Perelman School of Medicine at the University of Pennsylvania, 3400 Civic Center Blvd, South Pavilion, 1st Floor, Philadelphia, PA, 19104, USA.
Corporal Michael J. Crescenz Veterans Affairs Medical Center, Philadelphia, PA, USA.
Adv Ther. 2024 Dec;41(12):4418-4432. doi: 10.1007/s12325-024-02992-w. Epub 2024 Oct 19.
Bullous pemphigoid (BP) is an autoimmune blistering disease that most often affects elderly individuals and has a significant negative impact on quality of life. The disease is characterized primarily by autoantibodies to hemidesmosomal proteins BP180 and/or BP230, and an inflammatory reaction with notable features of type 2 inflammation, including elevated serum IgE, increased numbers of eosinophils in lesions and peripheral blood, and elevated expression of type 2 cytokines and chemokines in skin lesions.
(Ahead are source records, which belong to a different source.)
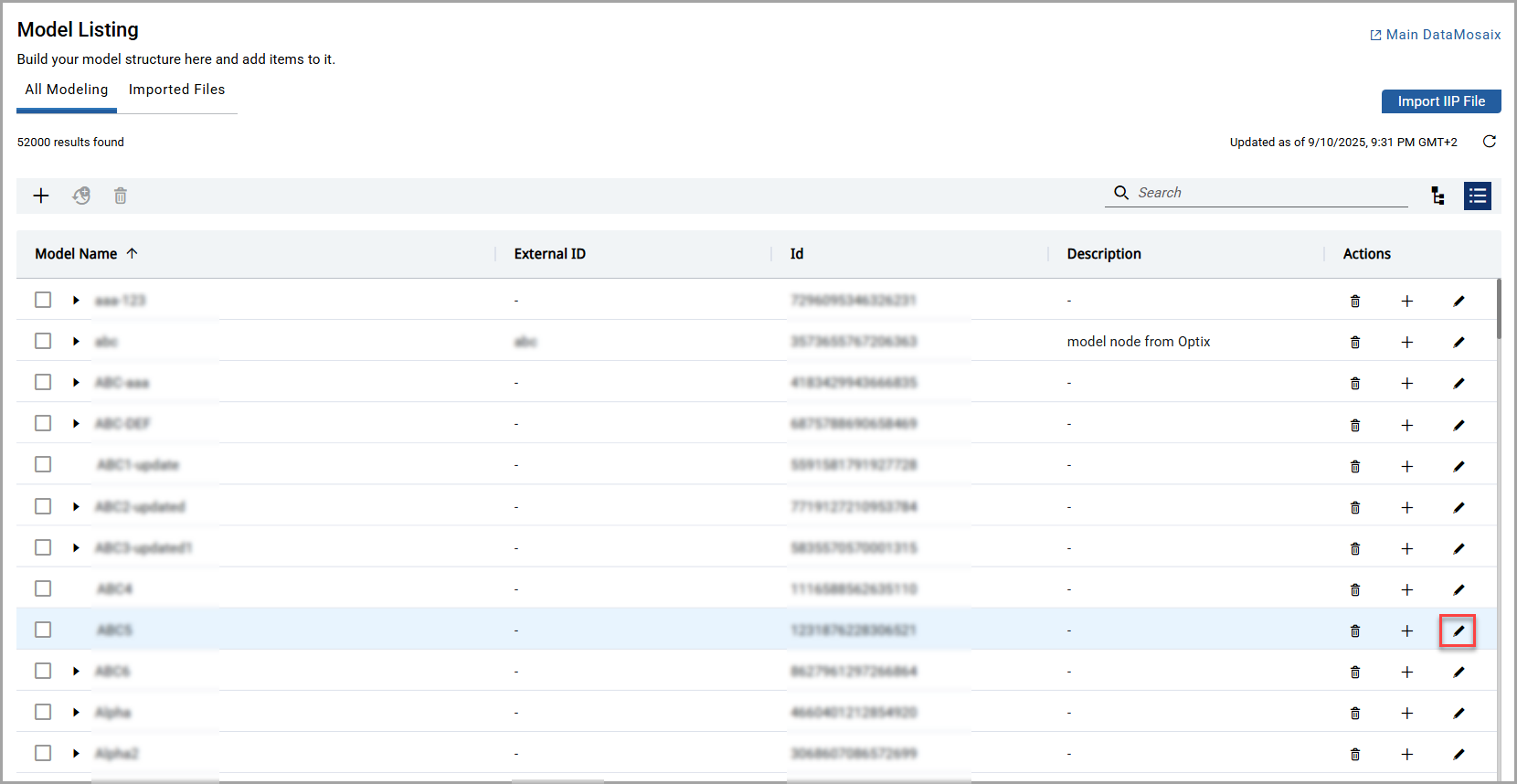 - On the Management console, select theModelingtab.By default,All Modelingtab is selected and theModel Listingpage is displayed with the available assets.Model Listing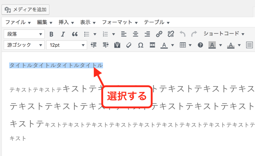 記事の本文内にて、フォントサイズを変更したい箇所を選択します。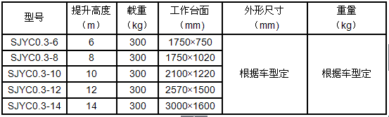 產(chǎn)品規(guī)格:車載式液壓升降平臺根據(jù)升降高度可分為:68、10、1214升降平臺,設(shè)備載重300公斤至500公斤??蛻艨筛鶕?jù)需求選用解放、東風(fēng)、輕騎、福田、電瓶車等任何車型,設(shè)備直接采用汽車或電瓶的直接動力升降。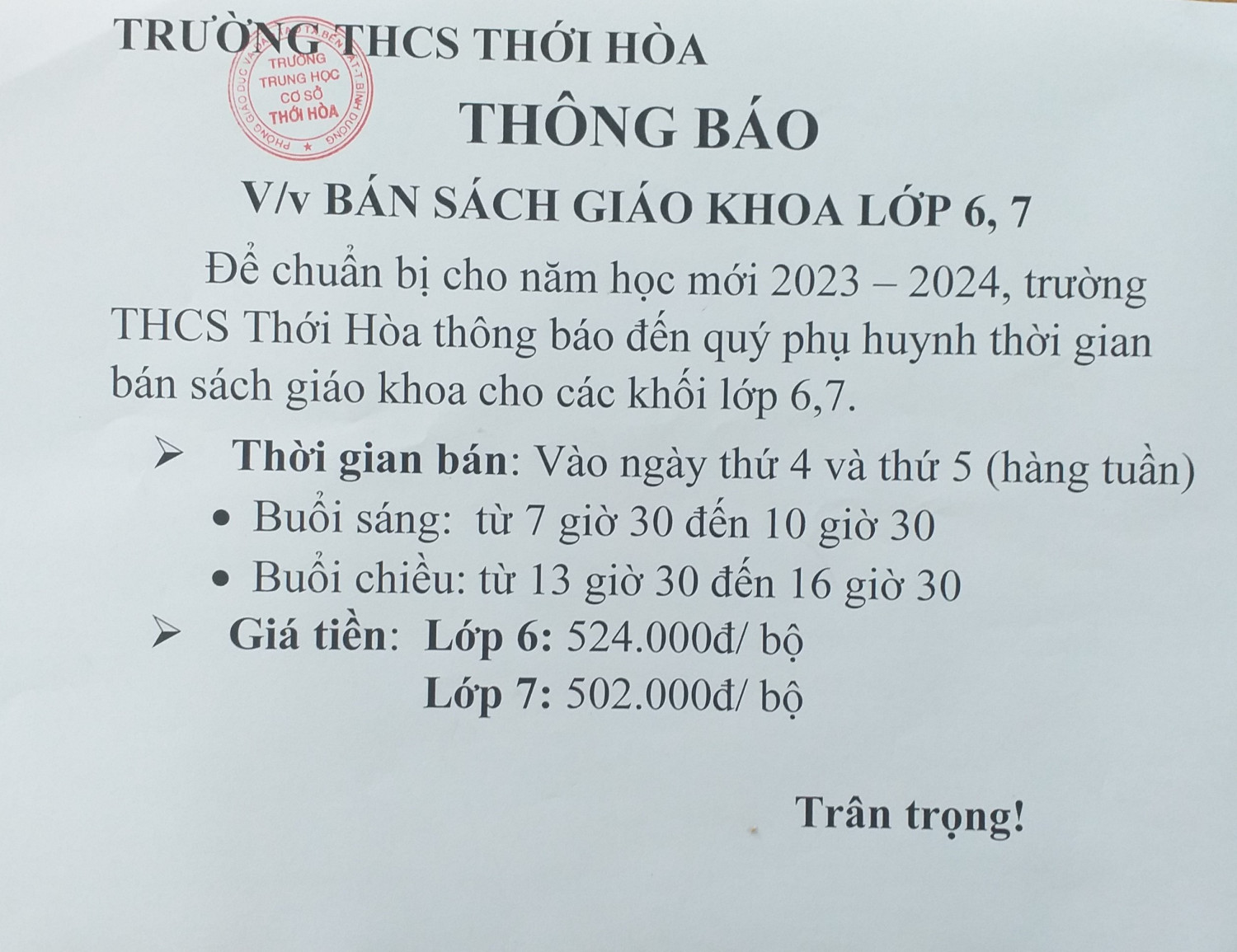 THÔNG BÁO BÁN SÁCH GIÁO KHOA LỚP 6,7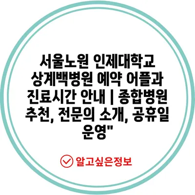 ✅ 서울노원 인제대학교 상계백병원 예약 꿀팁을 지금 확인하세요!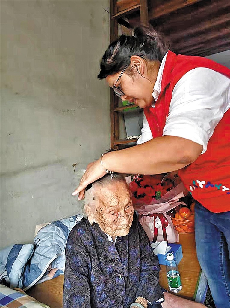 采訪(fǎng)當(dāng)天,老人看到來(lái)了這么多人,以為又是政府工作人員來(lái)慰問(wèn)她了,好奇地問(wèn)外孫女:“今天是過(guò)節(jié)嗎?”原來(lái),逢年過(guò)節(jié)陳汝金都會(huì)收到慰問(wèn)和祝福,社區(qū)工作人員和社康醫(yī)生也會(huì)經(jīng)常上門(mén)和她聊聊家常,了解老人家的身體狀況,因此老人對(duì)黨和政府送慰問(wèn)送祝福一點(diǎn)都不陌生。去年,陳汝金老人剛滿(mǎn)百歲,鳳凰社區(qū)黨委還專(zhuān)門(mén)組織大家來(lái)到老人家中,為老人慶祝百歲生日,并送來(lái)大家的祝福和問(wèn)候。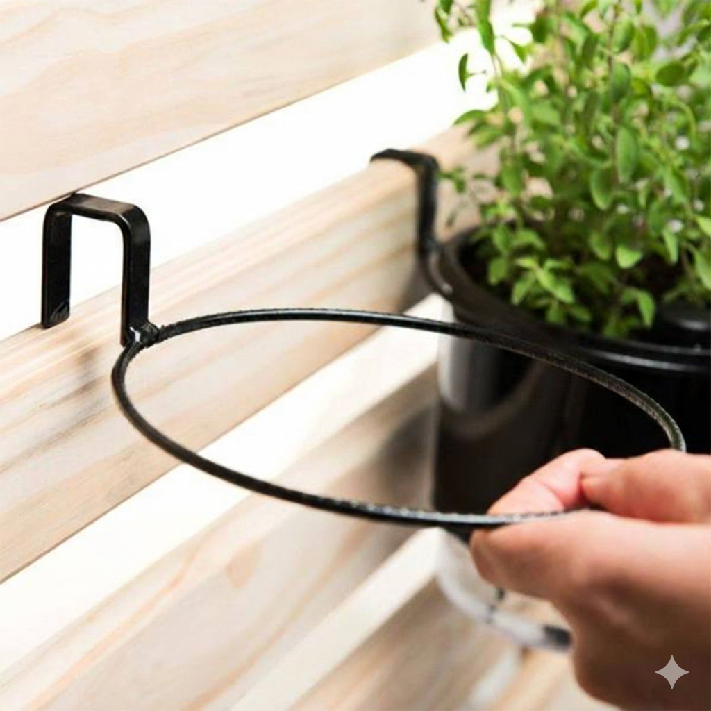 6 Suportes Anel Treliça Parede P/ Vaso Auto Irrigável 11 cm. Cor: Preta Solicite maiores quantidades.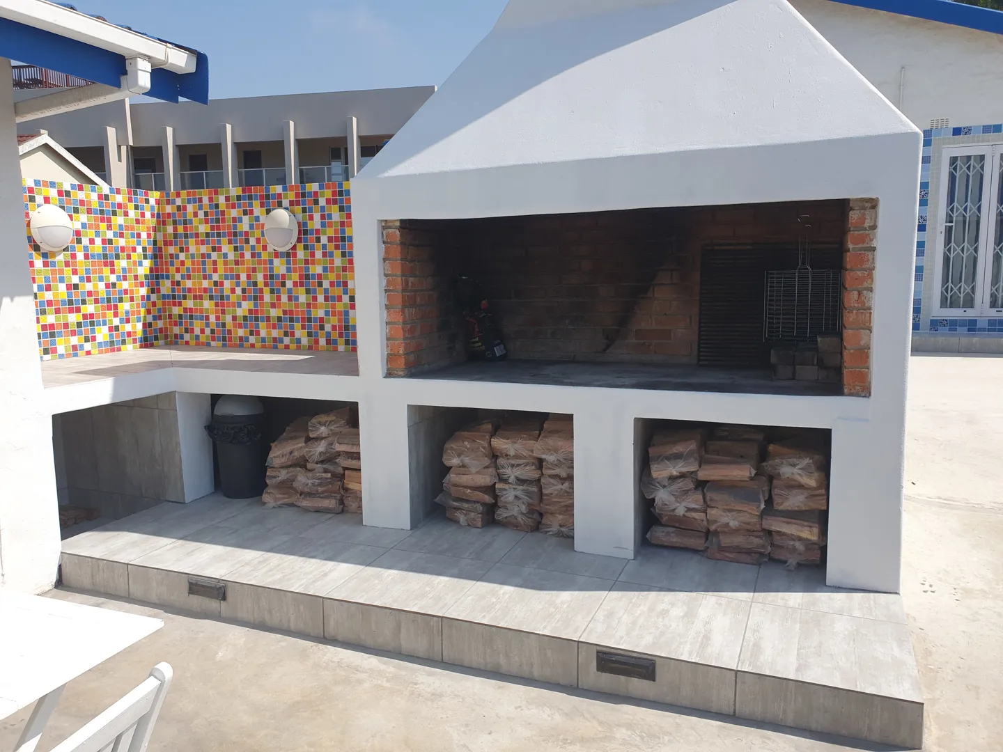 Enjoy shaded outdoor spaces with seating, perfect for relaxing, dining, or taking in the beach views.

In this review, we present what is known about BP pathophysiology, including the role of type 2 inflammation, and discuss how findings from studies of biologics targeting type 2 immune mediators have helped to clarify the biological mechanisms driving BP pathophysiology. Future studies of these targeted therapies and others in development will help to further elucidate the mechanisms underlying BP pathophysiology and potentially provide better treatment options for patients.
大疱性类天疱疮(BP)是一种自身免疫性水疱病,主要影响老年人,对生活质量有重大负面影响。该疾病主要表现为针对桥粒蛋白 BP180 和/或 BP230 的自身抗体,以及以 2 型炎症为特征的炎症反应,包括血清 IgE 升高、皮损和外周血中嗜酸性粒细胞增多,以及皮损中 2 型细胞因子和趋化因子表达升高。在这篇综述中,我们介绍了已知的 BP 发病机制,包括 2 型炎症的作用,并讨论了靶向 2 型免疫调节剂的生物制剂研究结果如何有助于阐明驱动 BP 发病机制的生物学机制。未来对这些靶向治疗药物和其他正在开发的药物的研究将有助于进一步阐明 BP 发病机制的机制,并为患者提供更好的治疗选择。